Mr. Estrada challenges the receivership order on a number of grounds. He
complains that the trial court did not identify the legal and factual basis for its
decision to appoint a receiver, noting that the court neither cited any statutory
authority for its decision nor made findings on the necessary elements for appointing
a receiver under the business organizations code. See TEX. BUS. ORGS. CODE
§§ 11.403–.405. But because he did not request that the court issue findings of fact
and conclusions of law, we must infer the trial court made all findings and
conclusions necessary to support its order. See Waltenburg v. Waltenburg, 270
S.W.3d 308, 312 (Tex. App.—Dallas 2008, no pet.); Willms v. Americas Tire Co.,
Inc., 190 S.W.3d 796, 803 (Tex. App.—Dallas 2006, pet. denied).
Mr. Estrada also argues there is no evidence establishing the statutory
requirements for appointing a receiver, noting that Mr. Jafari failed to attach any
evidence to his motion or introduce any evidence at the hearing. At the hearing,
however, the trial court took judicial notice of all testimony and evidence introduced
at the trial. And because Mr. Estrada did not provide us with a reporter’s record from
the trial, we must presume the evidence admitted at trial sufficiently supports the
trial court’s ruling. See id.; Bennett v. Cochran, 96 S.W.3d 227, 230 (Tex. 2002).
–3– Mr. Estrada nevertheless contends the evidence introduced at trial cannot
support the trial court’s receivership decision because a trial court cannot judicially
notice evidence from prior proceedings without violating due process. But Mr.

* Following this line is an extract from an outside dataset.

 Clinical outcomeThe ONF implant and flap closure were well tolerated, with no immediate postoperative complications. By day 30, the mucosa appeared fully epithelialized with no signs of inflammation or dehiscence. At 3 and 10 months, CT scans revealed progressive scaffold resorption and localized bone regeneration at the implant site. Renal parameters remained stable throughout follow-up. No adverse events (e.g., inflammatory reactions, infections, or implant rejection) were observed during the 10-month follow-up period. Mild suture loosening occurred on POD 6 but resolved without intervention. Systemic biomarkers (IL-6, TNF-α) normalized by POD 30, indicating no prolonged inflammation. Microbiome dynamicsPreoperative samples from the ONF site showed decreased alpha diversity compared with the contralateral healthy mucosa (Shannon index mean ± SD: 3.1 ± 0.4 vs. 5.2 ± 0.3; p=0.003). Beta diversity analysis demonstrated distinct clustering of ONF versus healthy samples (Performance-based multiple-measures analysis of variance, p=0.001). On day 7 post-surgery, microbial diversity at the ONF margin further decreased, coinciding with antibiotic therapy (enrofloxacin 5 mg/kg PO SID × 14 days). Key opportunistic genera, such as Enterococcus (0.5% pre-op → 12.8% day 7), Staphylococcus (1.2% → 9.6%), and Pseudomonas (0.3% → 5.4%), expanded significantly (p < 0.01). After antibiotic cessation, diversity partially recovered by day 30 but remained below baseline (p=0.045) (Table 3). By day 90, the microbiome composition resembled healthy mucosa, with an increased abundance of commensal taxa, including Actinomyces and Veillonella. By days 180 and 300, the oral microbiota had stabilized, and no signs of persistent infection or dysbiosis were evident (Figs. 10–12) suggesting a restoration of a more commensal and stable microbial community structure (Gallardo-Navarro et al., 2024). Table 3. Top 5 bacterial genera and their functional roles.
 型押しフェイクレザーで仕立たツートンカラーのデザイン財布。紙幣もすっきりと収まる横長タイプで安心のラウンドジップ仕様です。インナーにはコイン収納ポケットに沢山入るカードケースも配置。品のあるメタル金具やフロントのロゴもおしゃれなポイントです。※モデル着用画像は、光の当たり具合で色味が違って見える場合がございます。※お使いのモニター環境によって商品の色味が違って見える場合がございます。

Estrada did not preserve that issue through a timely objection or motion in the trial
court. See TEX. R. APP. P. 33.1; C.G. v. Tex. Dep’t of Fam. & Protective Servs., No.

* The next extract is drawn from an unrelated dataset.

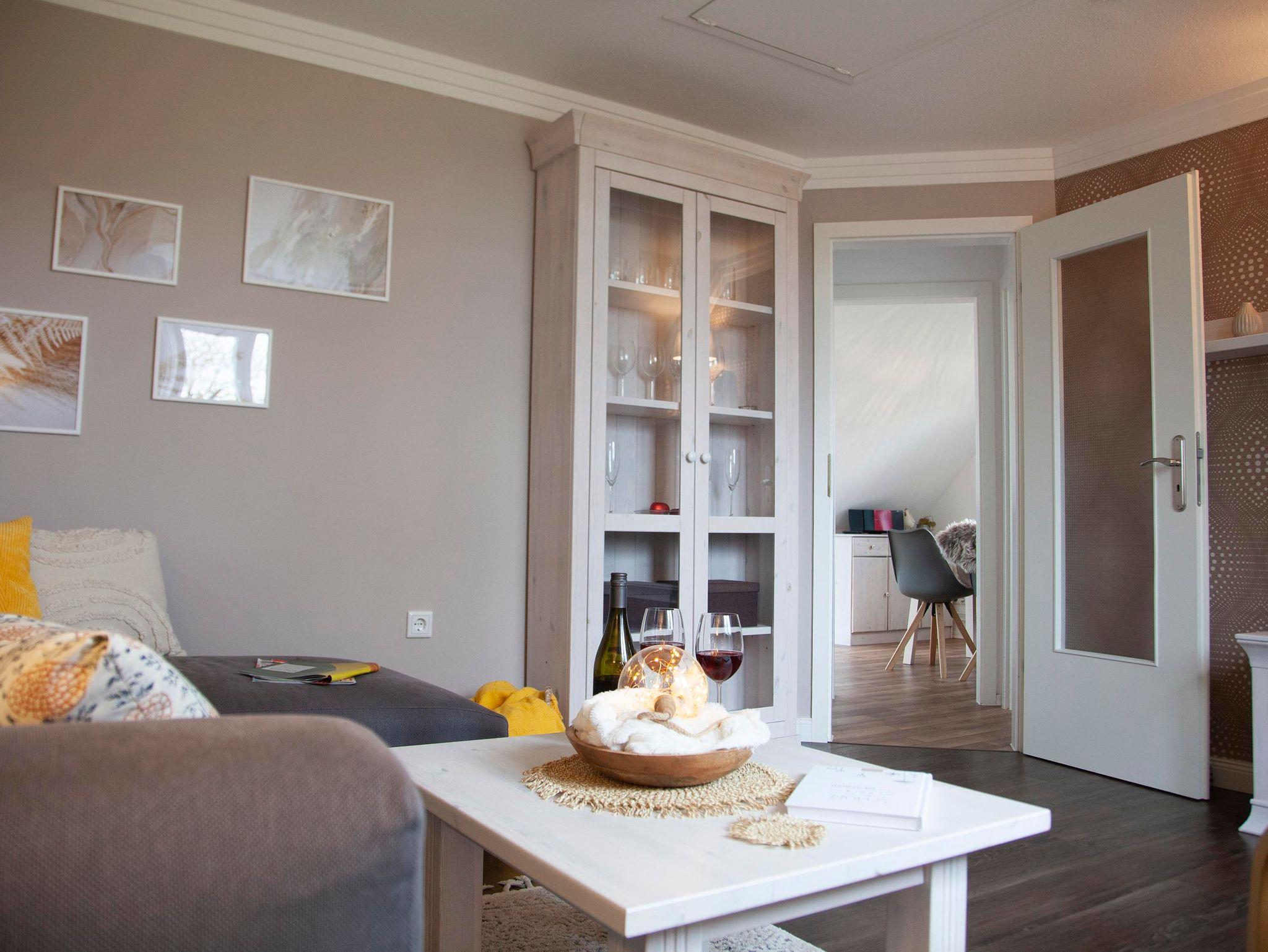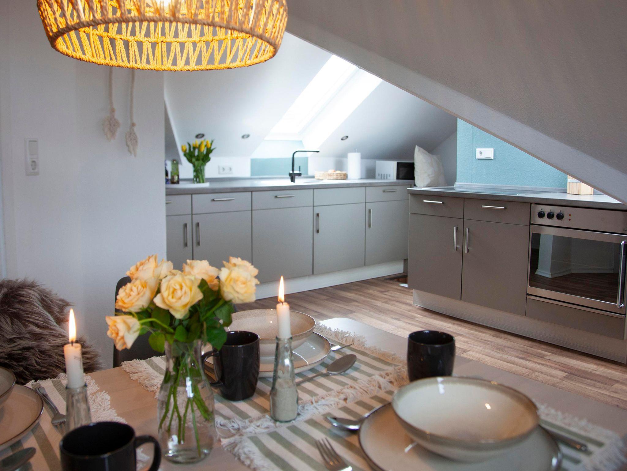 Die Nichtraucherwohnung verfügt über zwei Schlafräumen, einer komplett eingerichteten Küche, Wohnzimmer mit SAT-TV, DVD-Player, Telefon/Flatrate für das deutsche Festnetz sowie Internetflatrate und ein Bad mit Badewanne.

03-22-00019-CV, 2022 WL 2069128, at *4 (Tex. App.—Austin (“[A] party must
object to the trial court’s taking of judicial notice or any error in the procedure is
waived.”); see also McIntyre v. Wilson, 50 S.W.3d 674, 688 (Tex. App.—Dallas
2001, pet. denied) (“As a rule, a claim, including a constitutional claim, must have
been asserted in the trial court in order to be raised on appeal.”). Not only did Mr.
Estrada fail to object to the trial court taking judicial notice of the evidence admitted
at trial, he specifically confirmed he had no objection. Mr. Estrada cannot complain
for the first time on appeal that judicial notice was improper.

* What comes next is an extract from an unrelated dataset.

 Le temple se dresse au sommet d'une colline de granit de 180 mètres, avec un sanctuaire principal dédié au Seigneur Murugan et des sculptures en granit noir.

Mr. Estrada likewise failed to preserve his challenges based on civil procedure
rule 695a and civil practices and remedies code section 64.002(a). See TEX. R. APP.
P. 33.1; Hawkins v. Twin Montana, Inc., 810 S.W.2d 441, 444 (Tex. App.—Fort
Worth 1991, no writ); see also Davis v. Davis, No. 05-95-01813-CV, 1996 WL
200935, at *3 (Tex. App.—Dallas Apr. 17, 1996, no writ) (not designated for
publication) (appellant may not raise issue of applicant’s bond for first time on
appeal).
–4– Because Mr. Estrada has not provided an adequate record by which we can
determine the merits of his preserved issues, we presume the evidence sufficiently
supports the trial court’s implied findings and affirm the trial court’s order.
/Cory L. Carlyle/ 221227f.p05 CORY L. CARLYLE JUSTICE
–5– Court of Appeals Fifth District of Texas at Dallas JUDGMENT
JOSE ESTRADA, INDIVIDUALLY, On Appeal from the 429th Judicial AND AS A MEMBER OF JBL District Court, Collin County, Texas UNLIMITED, LLC, Appellant Trial Court Cause No. 429-03201- 2018. No. 05-22-01227-CV V. Opinion delivered by Justice Carlyle. Justices Smith and Kennedy BENNY JAFARI, Appellee participating.
In accordance with this Court’s opinion of this date, the trial court’s order appointing a receiver is AFFIRMED.
It is ORDERED that appellee Benny Jafari recover his costs of this appeal from appellant Jose Estrada.
Judgment entered this 11th day of September, 2023.